The system permits anybody worldwide to submit verifiable phishing studies, that are robotically validated and broadcast to all collaborating wallets, enabling faster response occasions and probably saving extra funds.

“Drainers are a relentless cat-and-mouse sport,” MetaMask safety researcher Ohm Shah stated. “Partnering with SEAL permits pockets builders to maneuver sooner and throw a wrench on the drainer’s infra.“

The protection effort builds on SEAL’s verifiable phishing studies instrument, which lets safety researchers show that reported web sites really host phishing content material.
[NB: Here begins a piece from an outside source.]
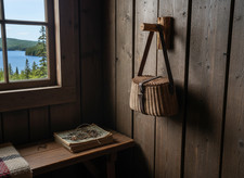 VERY Unusual Antique Adirondack Hand Woven Fishing Creel w/ Sunburst Woven Top

@MetaMask, @Phantom, and different main wallets have partnered with SEAL to launch a world phishing protection community.#MetaMask #Cryptohttps://t.co/auvAQFmcSa

— Cryptonews.com (@cryptonews) October 22, 2025

Beyond technical exploits, deepfake expertise has emerged as one other menace vector, with Manta Network co-founder Kenny Li revealing again in April that he was targeted in a sophisticated Zoom call utilizing prerecorded movies of acquainted people.

The attackers tried to trick him into downloading malicious script information disguised as Zoom updates, with Li suspecting North Korea-linked Lazarus Group involvement.

Meanwhile, crypto-related losses from hacks and cybersecurity exploits fell 60% in December to roughly $76 million, down from November’s $194.2 million.

However, safety consultants warning that persistent threats similar to address-poisoning scams and browser pockets exploits proceed to focus on customers throughout the ecosystem.

The publish SlowMist Warns of Sophisticated 2FA Scam Targeting MetaMask Wallets appeared first on Cryptonews.